Action item>
Take the lines from the one containing "Working hard, having fun and getting better." through the end of the material and write them out exactly, omitting pictures.

Input data>
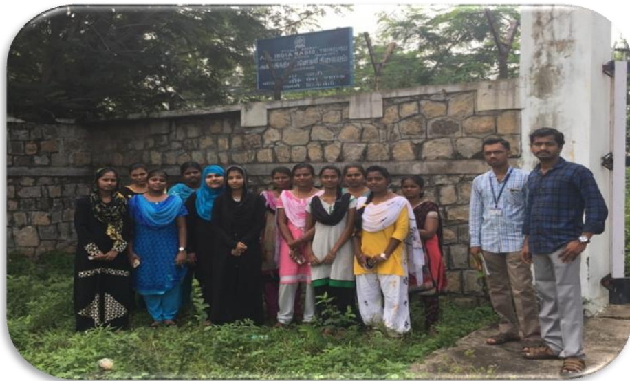
Third year ECE Students In-plant Training at AIR, Tirunelveli
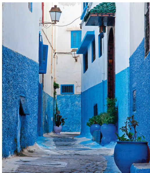
Rabat's Kasbah des Oudaias

Day 14: Depart for U.S. After breakfast this morning we transfer to the airport for our return flight to the U.S. B
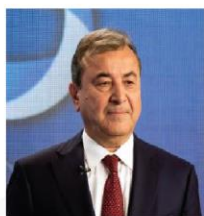
Mr. Sodiq Safoev , the First Deputy Chairman of the Senate of the Oliy Majlis of Uzbekistan

Mr. Safoev is an Uzbek diplomat and politician. He has a Ph.D. in economics and was a visiting scholar at the Harvard University Institute for International Development (USA). He served as Chief Consultant and Head of Department of International Economic Relations in Presidential Administration. He is a former Minister of Foreign Affairs and Ambassador to the United States and Canada.
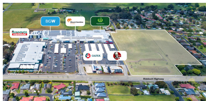
Mt Gambier, SA

Axiom agreed to conditionally purchase an opportunity from Woolworths in Mt Gambier, South Australia to develop a multi-million-dollar large format retail and mixed-use precinct. The two separate sites are adjacent to a thriving Shopping Centre (Mt Gambier Marketplace) which is anchored by a Woolworths Supermarket, Big W Discount Department Store and a Bunnings Warehouse. The Company continues to work towards obtaining all statutory approvals and achieving the pre-lease conditions prior to entering into a construction contract and settling the purchase of the site. Current leasing enquiry has been extremely encouraging, with pre-lease interest being received from many major national retailers.
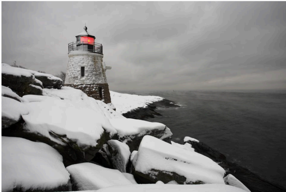
Castle Hill Lighthouse, Newport, Rhode Island, just after a snowstorm. Mist upon the water.

Newport Mansions announces “Sparkling Lights at The Breakers: An Outdoor Magical Wonderland.” The new outdoor experience will illuminate the mansion and its historic grounds through Sunday, Jan. 10, 2021.
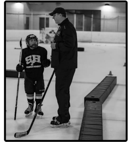
Working hard, having fun and getting better.
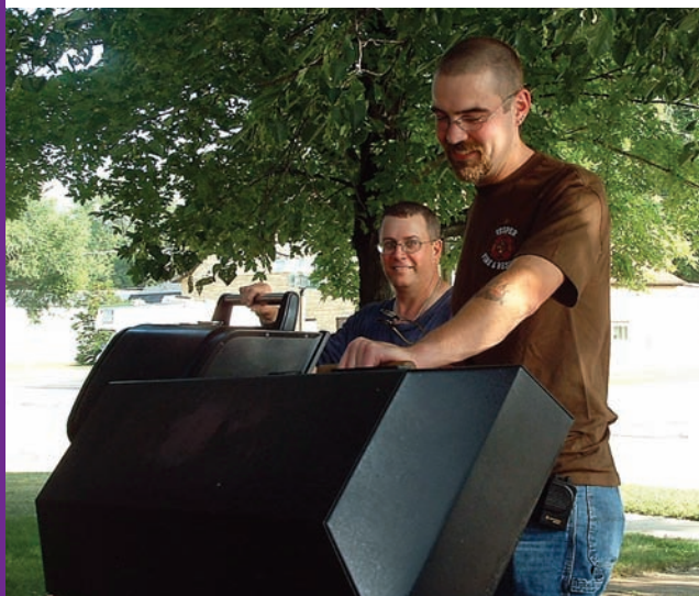
Vesper Fire Department Brat Fry

Community Progress is all about improving our communities, now and for the future. You can help build a strong Vesper Area community for many generations to come – by making contributions to the Vesper Area Progress Fund.
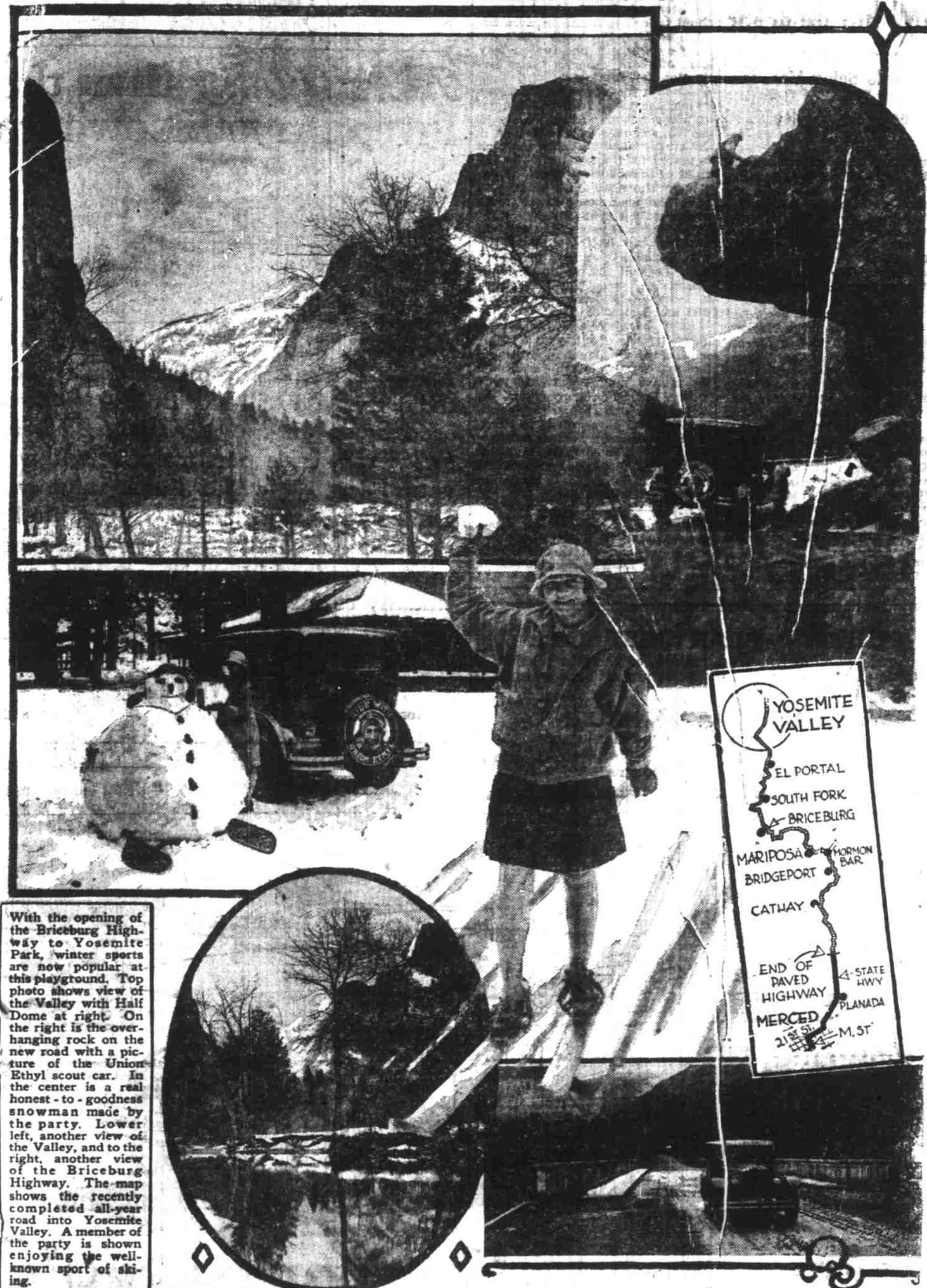
With the opening of the Bricburg Highway to Yosemite Park, winter sports are now popular at this playground. Top photo shows view of the Valley with Half Dome at right. On the right is the overhanging rock on the new road with a picture of the Union Ethyl scout car. In the center is a real honest-to-goodness snowman made by the party. Lower left, another view of the Valley, and to the right, another view of the Bricburg Highway. The map shows the recently completed all-year road into Yosemite Valley. A member of the party is shown enjoying the well-known sport of skiing.
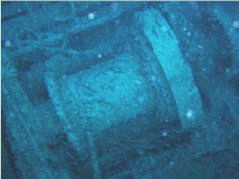
Looking down onto the lower deck of the Rosalie Moller.
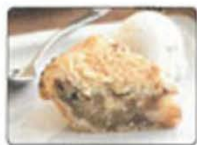
Apple Crumb Pie

Our fundraisers are designed to support your success, with a variety of homemade, high-quality baked goods made from fresh, local ingredients. You can feel good about selling them, and they're specially priced so you can raise funds for your organization.
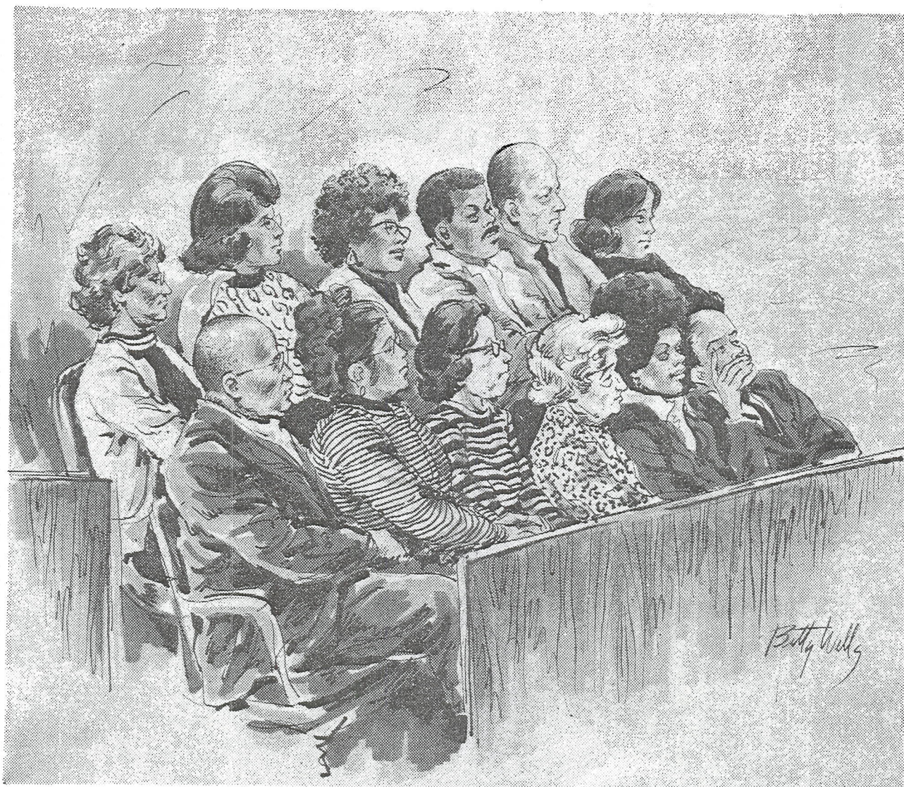
Sketch by Betty Wells

The 12 jurors in the Watergate trial listen intently during yesterday's session. They heard 60 witnesses in 16 days.

Reply>
Working hard, having fun and getting better.
Vesper Fire Department Brat Fry

Community Progress is all about improving our communities, now and for the future. You can help build a strong Vesper Area community for many generations to come – by making contributions to the Vesper Area Progress Fund.
With the opening of the Bricburg Highway to Yosemite Park, winter sports are now popular at this playground. Top photo shows view of the Valley with Half Dome at right. On the right is the overhanging rock on the new road with a picture of the Union Ethyl scout car. In the center is a real honest-to-goodness snowman made by the party. Lower left, another view of the Valley, and to the right, another view of the Bricburg Highway. The map shows the recently completed all-year road into Yosemite Valley. A member of the party is shown enjoying the well-known sport of skiing.
Looking down onto the lower deck of the Rosalie Moller.
Apple Crumb Pie

Our fundraisers are designed to support your success, with a variety of homemade, high-quality baked goods made from fresh, local ingredients. You can feel good about selling them, and they're specially priced so you can raise funds for your organization.
Sketch by Betty Wells

The 12 jurors in the Watergate trial listen intently during yesterday's session. They heard 60 witnesses in 16 days.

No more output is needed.